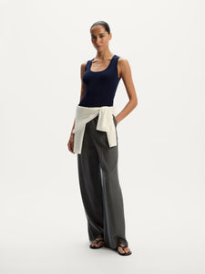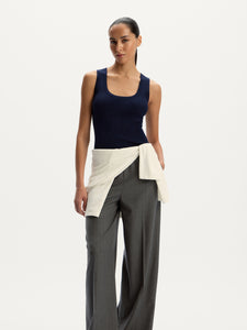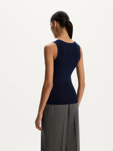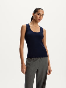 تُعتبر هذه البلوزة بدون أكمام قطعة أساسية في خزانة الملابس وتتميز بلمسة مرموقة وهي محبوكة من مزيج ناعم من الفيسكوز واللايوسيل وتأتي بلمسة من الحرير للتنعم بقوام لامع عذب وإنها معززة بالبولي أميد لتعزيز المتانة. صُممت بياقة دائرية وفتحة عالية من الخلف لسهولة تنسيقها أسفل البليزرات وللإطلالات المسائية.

==

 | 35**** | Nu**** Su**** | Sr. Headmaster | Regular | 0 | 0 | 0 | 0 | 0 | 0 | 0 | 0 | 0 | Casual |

...

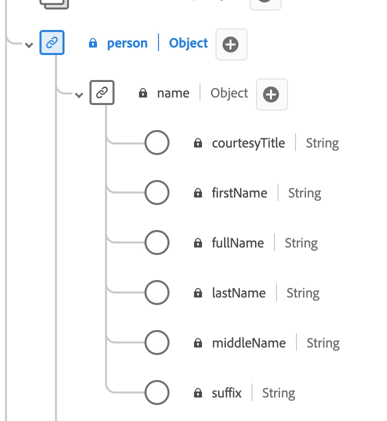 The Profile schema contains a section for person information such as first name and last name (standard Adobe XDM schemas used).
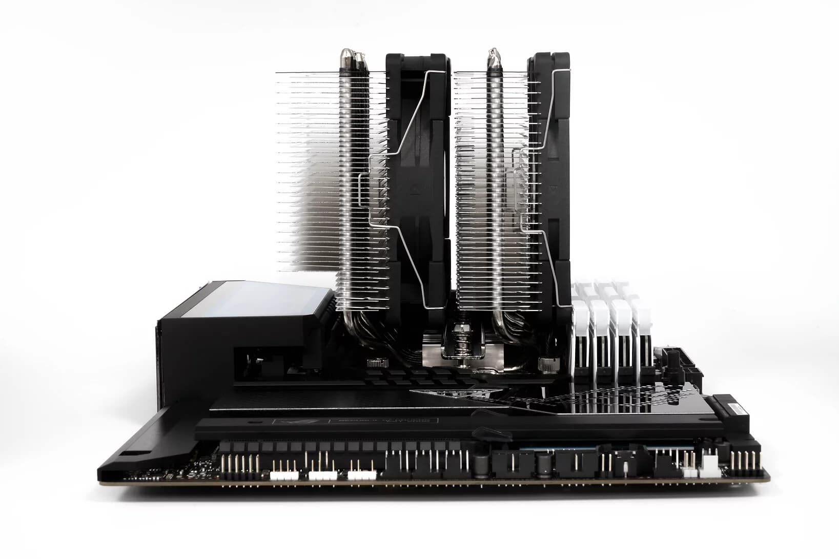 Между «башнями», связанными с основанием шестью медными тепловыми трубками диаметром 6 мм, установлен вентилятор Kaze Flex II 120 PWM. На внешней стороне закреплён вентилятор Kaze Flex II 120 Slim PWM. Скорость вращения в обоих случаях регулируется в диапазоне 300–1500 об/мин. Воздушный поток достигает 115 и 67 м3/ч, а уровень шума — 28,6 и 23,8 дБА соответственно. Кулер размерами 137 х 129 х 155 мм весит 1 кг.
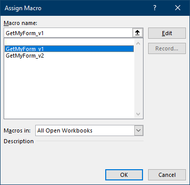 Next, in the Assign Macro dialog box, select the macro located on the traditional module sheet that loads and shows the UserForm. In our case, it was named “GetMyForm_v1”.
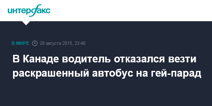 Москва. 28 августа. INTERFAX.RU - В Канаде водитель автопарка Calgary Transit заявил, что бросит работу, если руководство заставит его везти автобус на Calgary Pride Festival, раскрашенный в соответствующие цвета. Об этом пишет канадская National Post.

Task goal » Only one part of the listing is wanted: the lines from the one containing "весит 1 кг." through the one containing "Москва. 28 августа.", both included. Please transcribe it exactly, leaving out the pictures.

Response area »
 Между «башнями», связанными с основанием шестью медными тепловыми трубками диаметром 6 мм, установлен вентилятор Kaze Flex II 120 PWM. На внешней стороне закреплён вентилятор Kaze Flex II 120 Slim PWM. Скорость вращения в обоих случаях регулируется в диапазоне 300–1500 об/мин. Воздушный поток достигает 115 и 67 м3/ч, а уровень шума — 28,6 и 23,8 дБА соответственно. Кулер размерами 137 х 129 х 155 мм весит 1 кг.
 Next, in the Assign Macro dialog box, select the macro located on the traditional module sheet that loads and shows the UserForm. In our case, it was named “GetMyForm_v1”.
 Москва. 28 августа. INTERFAX.RU - В Канаде водитель автопарка Calgary Transit заявил, что бросит работу, если руководство заставит его везти автобус на Calgary Pride Festival, раскрашенный в соответствующие цвета. Об этом пишет канадская National Post.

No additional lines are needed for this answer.